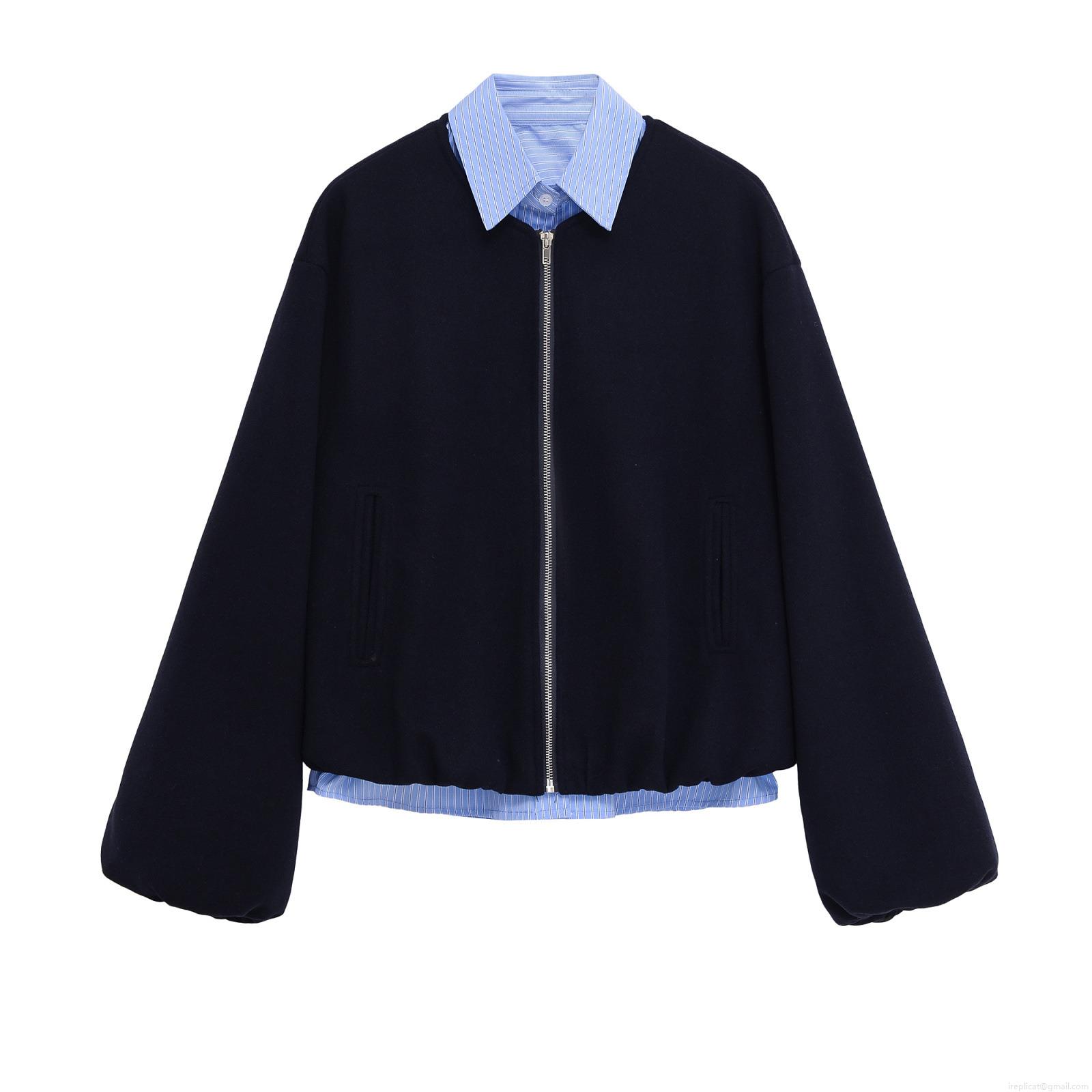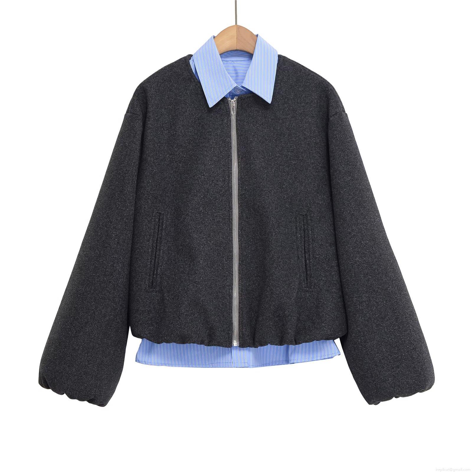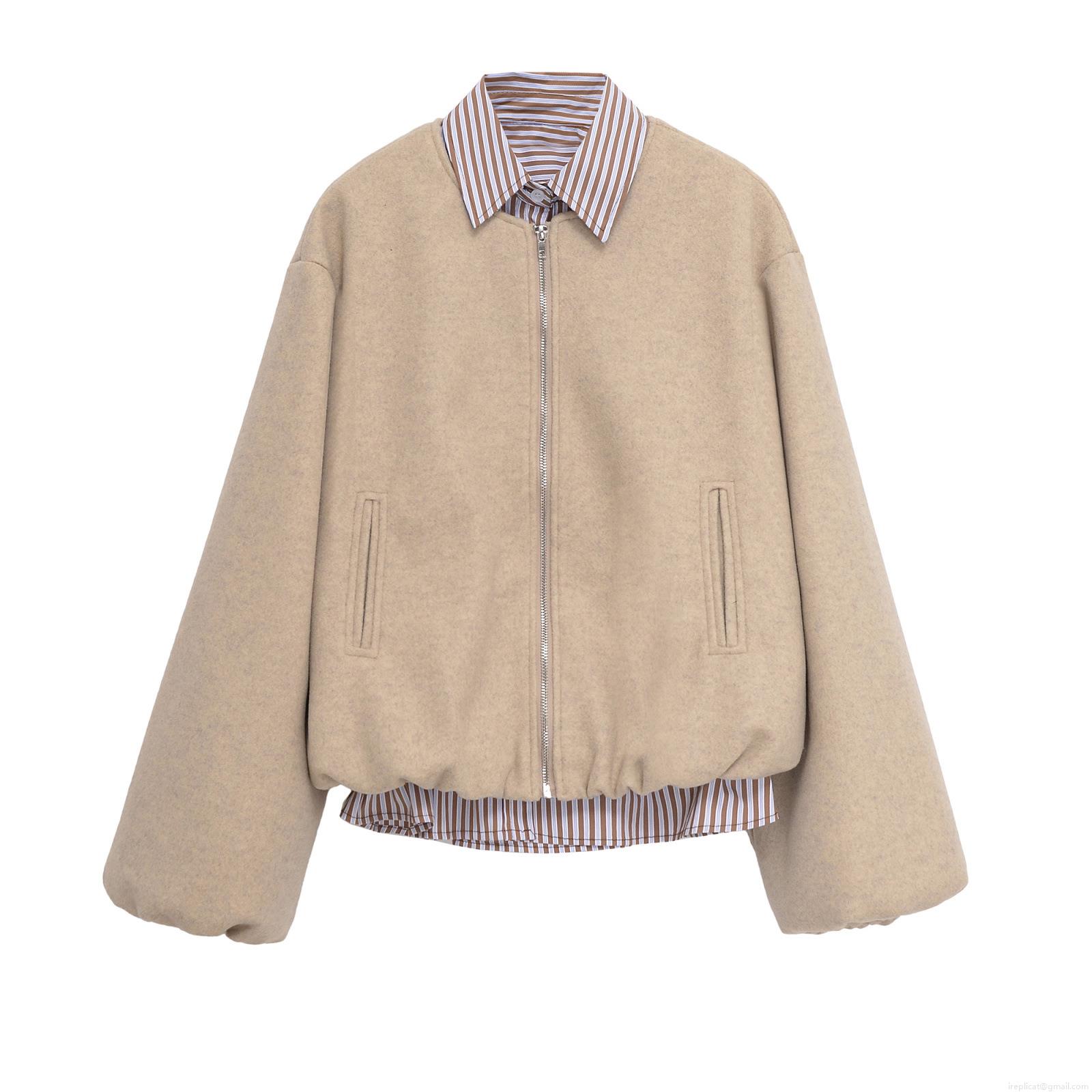 • Women Autumn Winter Loose Patchwork Striped Fake Two Piece Woolen Jacket Streetwear Lapel Zipper Baseball Uniform Casual Outerwear
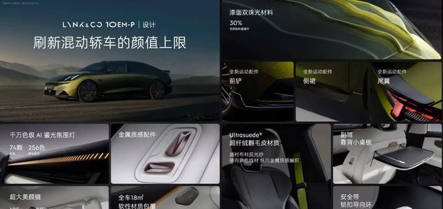 领克10EM-P的车身长宽高分别为5050×1966×1487mm,轴距达到3005mm,官方将其内部空间利用率称为“得房率”,数据为81%。座舱内部强调“四座平权”理念,前后排座椅均配备通风、加热、按摩功能,后排纯平地板、1700cm2的智能扶手以及承重15kg的小桌板,确实考虑到了全车乘客的体验。哈曼卡顿23扬声器音响、18㎡的软性材质包覆以及5.7L冷暖车载冰箱等配置,则进一步提升了舱内的精致度和实用性。
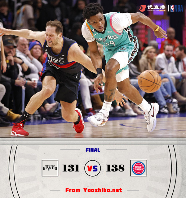 优直播2月11日讯 活塞今日坐镇主场迎战马刺,两支球队本赛季状态都很糟糕,活塞目前3连败排在东部倒数第一,而马刺则吃到10连败排在西部倒数第二。首节对决马刺客场作战但状态更优,节中一波12-5的攻势帮助他们占据上风并在末段一度拉开至两位数领先;次节马刺连续打三分得手分差一度拉大至半场最大的16分,不过活塞在这之后迎来反弹,他们突然找回手感回敬一波25-9的攻势一举抹平比分,马刺靠着科林斯最后的进球才重新取得1分领先进入下半场。休息归来活塞和马刺短暂拉锯中再度占据上风,他们不断冲击篮下送出12-2的攻势一举拉开比分;随后的马刺虽然被动但迎来奇兵,格拉汉姆最后时刻连续飙进三分帮助球队扳平比分比赛也被拖入加时。双方激战了两个加时才分出胜负,活塞最后时刻抓住机会送出7-0的攻势为球队收下比赛。最终,活塞双加时力克马刺并送后者11连败。
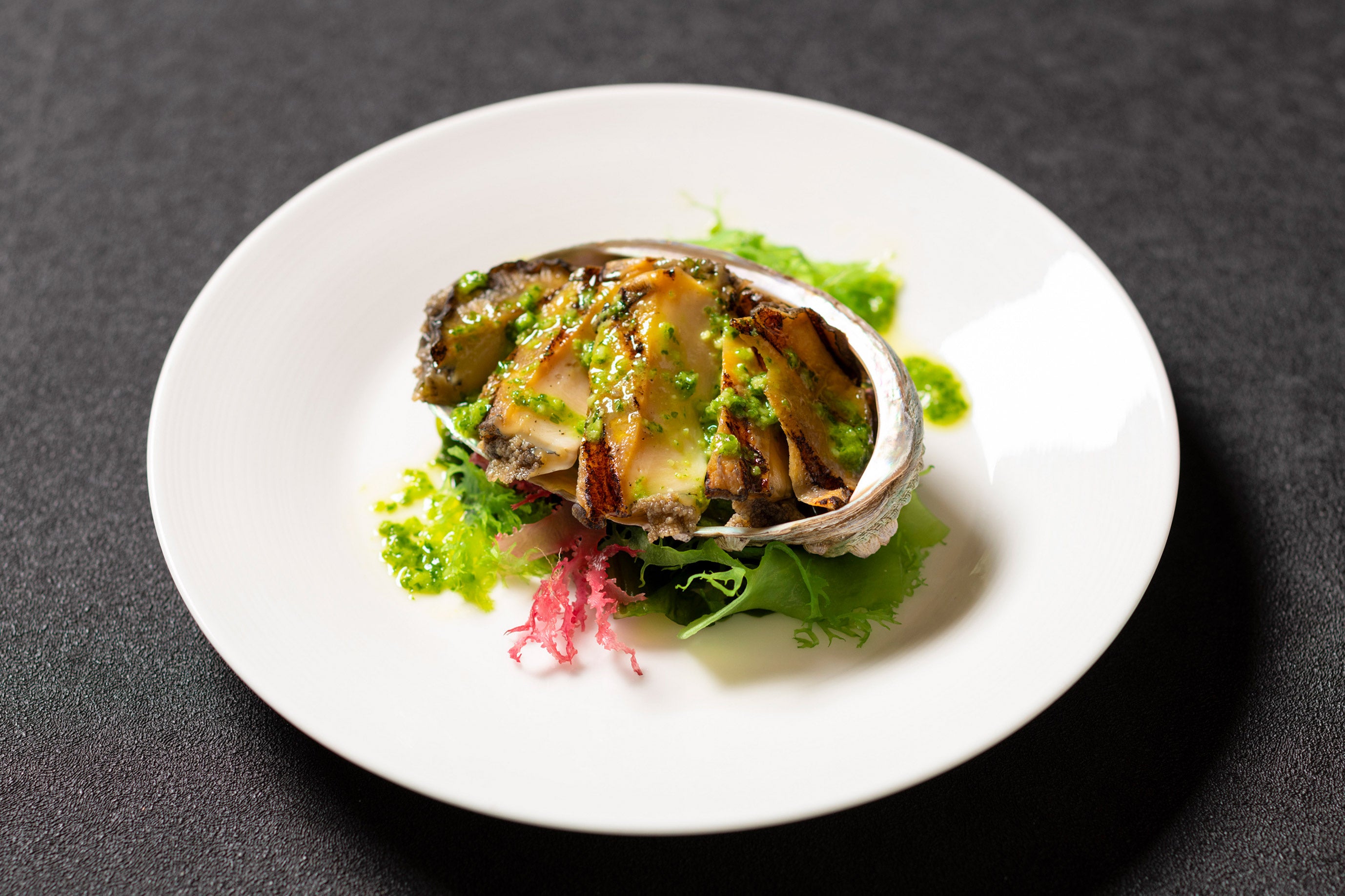 ・鮑柔煮ステーキ 春菊ソース
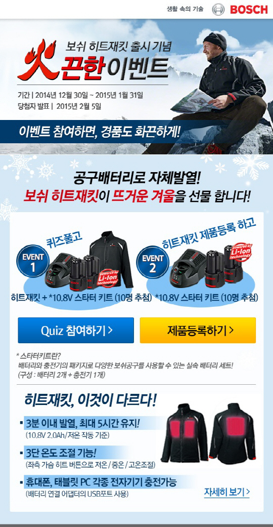 '보쉬 히트재킷'에 대한 간단한 문제를 맞추는 '히트재킷 퀴즈 이벤트'는 제품 구매여부와 관계없이 모두 참여 가능하다. 이벤트 종료 후 정답자 중 최종 10명을 선정해 '보쉬 히트재킷' 베어툴(본체)과 제품에 사용되는 '10.8V 스타터 키트'(10.8V 2.0Ah 배터리 2개, 충전기로 구성)를 세트로 증정할 예정이다.
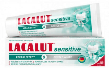 VÉDELEM AZ ÉRZÉKENY FOGAK ÉS A FOGÍNY SZÁMÁRA TERMÉSZETES FEHÉRSÉG + DUO-ENZIM-KOMPLEX Csökkenti a fájdalomérzékenységet. Remineralizálja a fogzománcot. Gyengéden távolítja el az elszíneződéseket. A Lacalut védőformula argininnel védi a fájdalomérzékeny fogakat a külső behatások ellen. Csökkenti a fájdalomérzékenységet, főleg a fognyakak területén. Segít a fogak természetes fehérségét helyreállítani, miközben kíméletes a fogínyhez és a fogakhoz. A hidroxiapatit (a fogzománc fő összetevője) támogatja a fogfelszín remineralizációját (az ásványi anyagok beépülését a fogzománcba). A fogak simábbak és ellenállóbbak lesznek. Alkalmazás: Reggel és este mossa meg fogait borsónyi mennyiségű fogkrémmel. Csak felnőttek számára ajánlott. Nátrium-fluoridot tartalmaz (1.350 ppm fluorid). Összetétel: Aqua, Hydrogenated Starch Hydrolysate, Hydrated Silica, Hydroxyapatite, Potassium Chloride, PEG-32, Sodium Lauryl Sulfate, Arginine, Poloxamer 188, Aroma, Disodium Pyrophosphate, Cellulose Gum, Sodium Myristyl Sulfate, Triacetin, Sodium Fluoride, Sodium Saccharin, Sodium Cetyl Sulfate, O-Cymen-5-Ol, Lactose, Bromelain, Maltodextrin, Papain, Limonene, CI 77891.
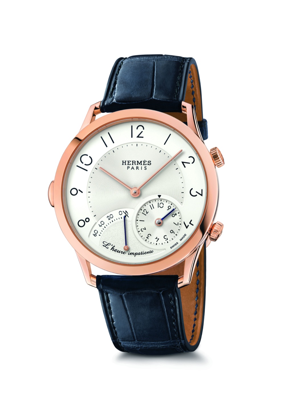 Il proposito di L’heure impatiente è quello di celebrare un rituale che consiste nel fissare sul contatore dell’orologio l’ora di un evento atteso, previsto entro le dodici ore seguenti. Un’ora prima che esso abbia luogo, si avvia la clessidra meccanica, la cui progressione è visibile sul quadrante alle ore 6. All’ora prefissata risuona una nota, un’unica volta. Il suo timbro è stato studiato per farla durare a lungo, generando un suono vellutato e discreto. Solo chi indossa l’orologio ne distingue il tono. Il tutto è racchiuso in un modulo di soli 2,2 mm di spessore, animato dal movimento di manifattura H1912.
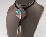 Corbata tipo bolo de plata de ley con hebras de cuero trenzado con detalles en turquesa, 36"
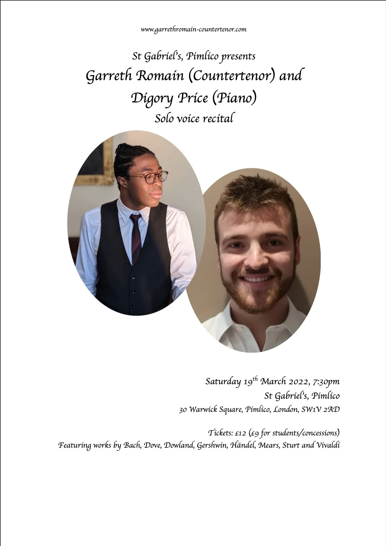 Solo voice recital by Garreth Romain and Digory Price
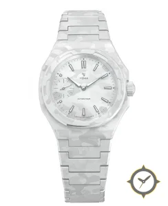 A Sports watch with a vintage-inspired 37.5mm case, crafted from stainless steel featuring a white dial with a unique matte finish with subtle camouflage relief finish.
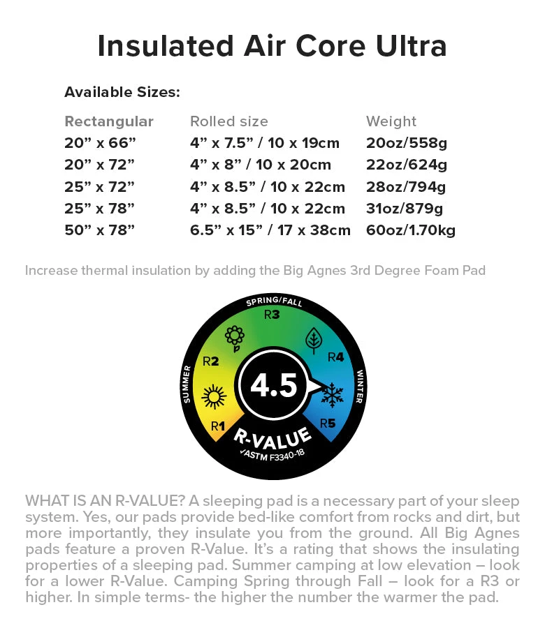 The Big Agnes Insulated Air Core Ultra Double Sleeping Pad takes the comfort to the next level but still rolls down to a manageable size. THERMOLITE® Insulation working with a heat reflective film traps body heat and reflects it back at you to prevent heat loss and aviation-grade TPU lamination technology for weld strength and ultimate dependability.
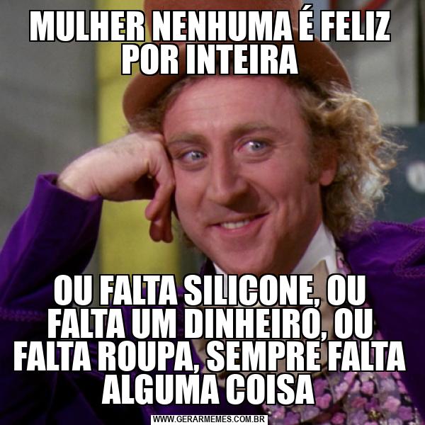MULHER NENHUMA É FELIZ POR INTEIRA OU FALTA SILICONE, OU FALTA UM DINHEIRO, OU FALTA ROUPA, SEMPRE FALTA ALGUMA COISA
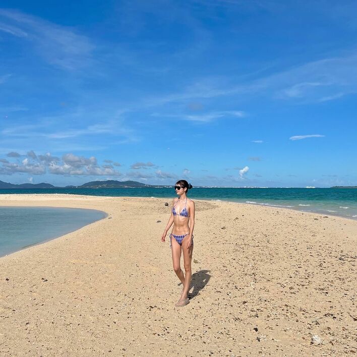 マギーさんは水着姿で海を眺める様子や砂浜を歩く様子などSNS映えの写真をいくつか投稿しています。
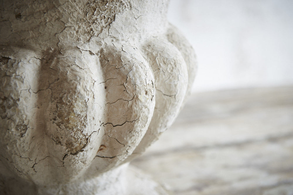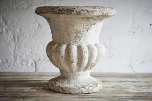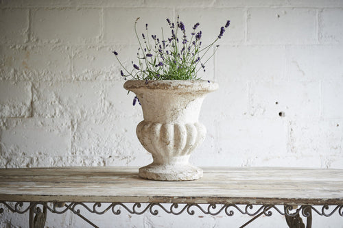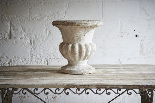 We found this lovely, large pot in a monthly brocante (a term that sounds so much more romantic than "flea market"!) in beautiful Arles, a city on the Rhone in Provence. The pot has a simple elegance, with a plain rim, a lobed body, and its original painted finish.
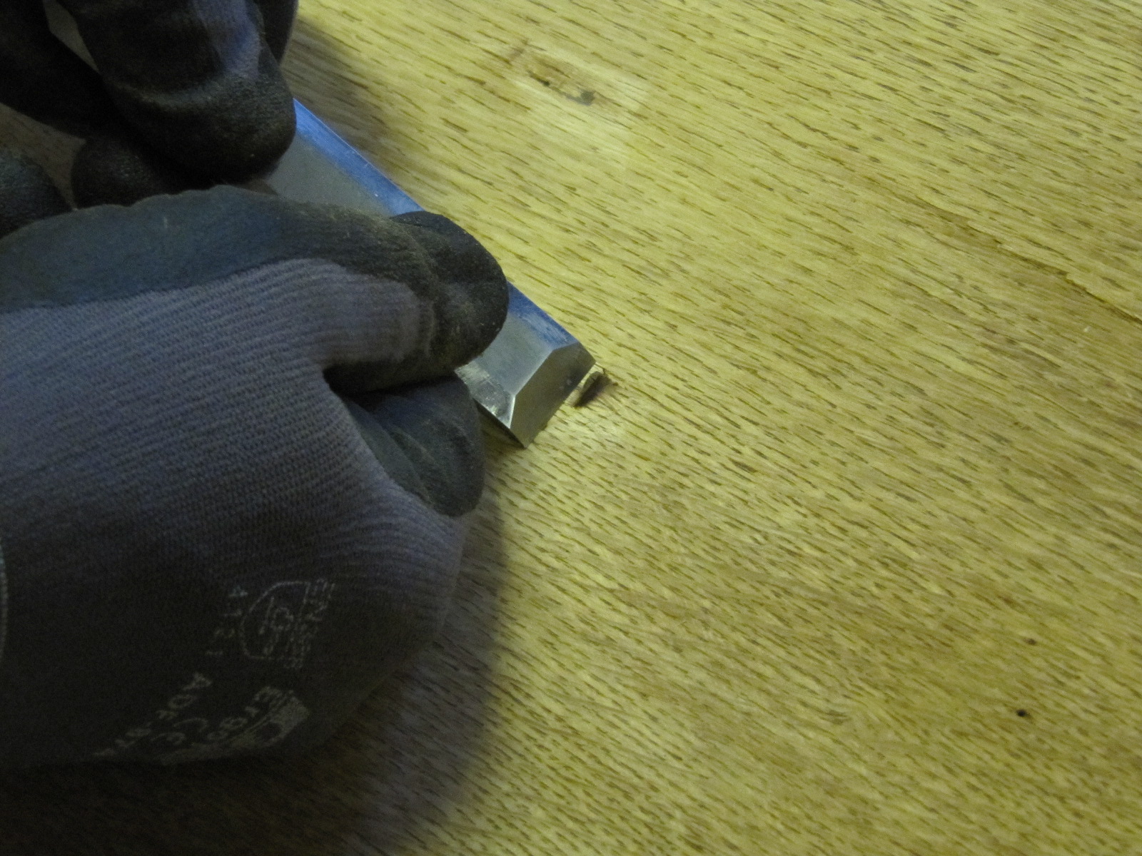 Kirjahyllyssä olleet kolot paikkasin Pehmeällä Vahakitillä. Väriksi valitsin tumman tammen. Lämmin vahakitti pehmenee käsissäni pyörittämällä. Peitin reijän vahan palasella ja painoin sen paikalleen sormella. Tasotin kitatun kohdan taltalla.
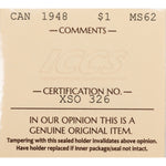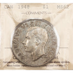 SOLD Canada 1948 $1 Silver Dollar Coin - Key Date - ICCS MS62 *Read Description
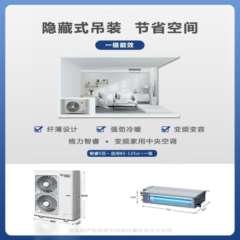 格力智睿多联机5匹一拖四中央空调一级能效省电静音风管式一拖三
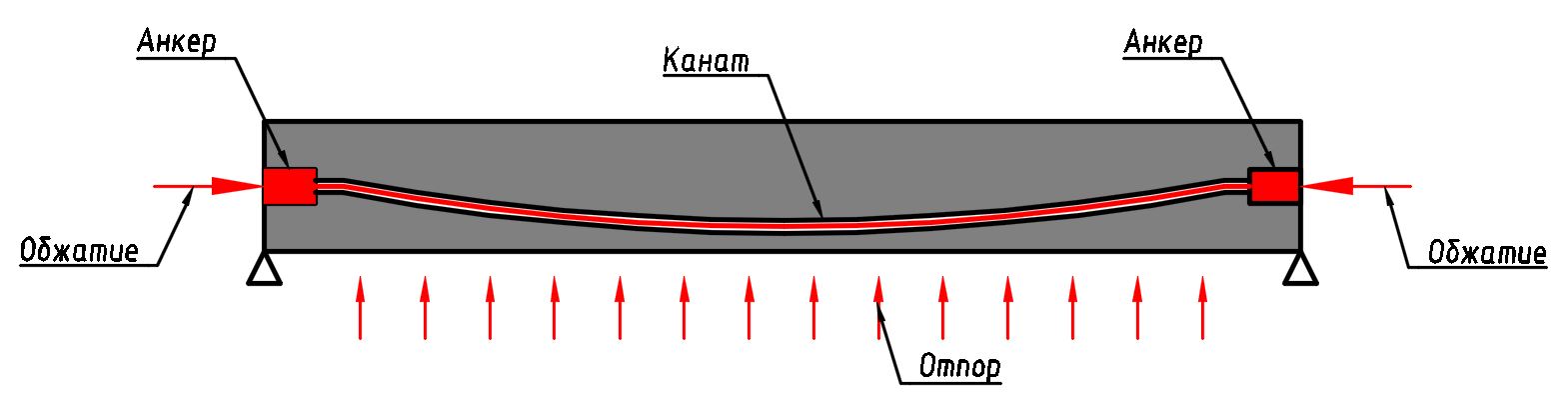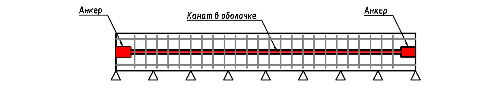 После набора бетоном необходимой передаточной прочности канаты раскрепляются на упорах и усилие с канатов передается на конструкцию за счет сцепления канатов с бетоном.

+++++

• [Problem]: Please retype the lines from the one that contains "Kirjahyllyssä olleet kolot" through the final line of the data, both included, without any pictures.

• [Solution]:
 Kirjahyllyssä olleet kolot paikkasin Pehmeällä Vahakitillä. Väriksi valitsin tumman tammen. Lämmin vahakitti pehmenee käsissäni pyörittämällä. Peitin reijän vahan palasella ja painoin sen paikalleen sormella. Tasotin kitatun kohdan taltalla.
 SOLD Canada 1948 $1 Silver Dollar Coin - Key Date - ICCS MS62 *Read Description
 格力智睿多联机5匹一拖四中央空调一级能效省电静音风管式一拖三
 После набора бетоном необходимой передаточной прочности канаты раскрепляются на упорах и усилие с канатов передается на конструкцию за счет сцепления канатов с бетоном.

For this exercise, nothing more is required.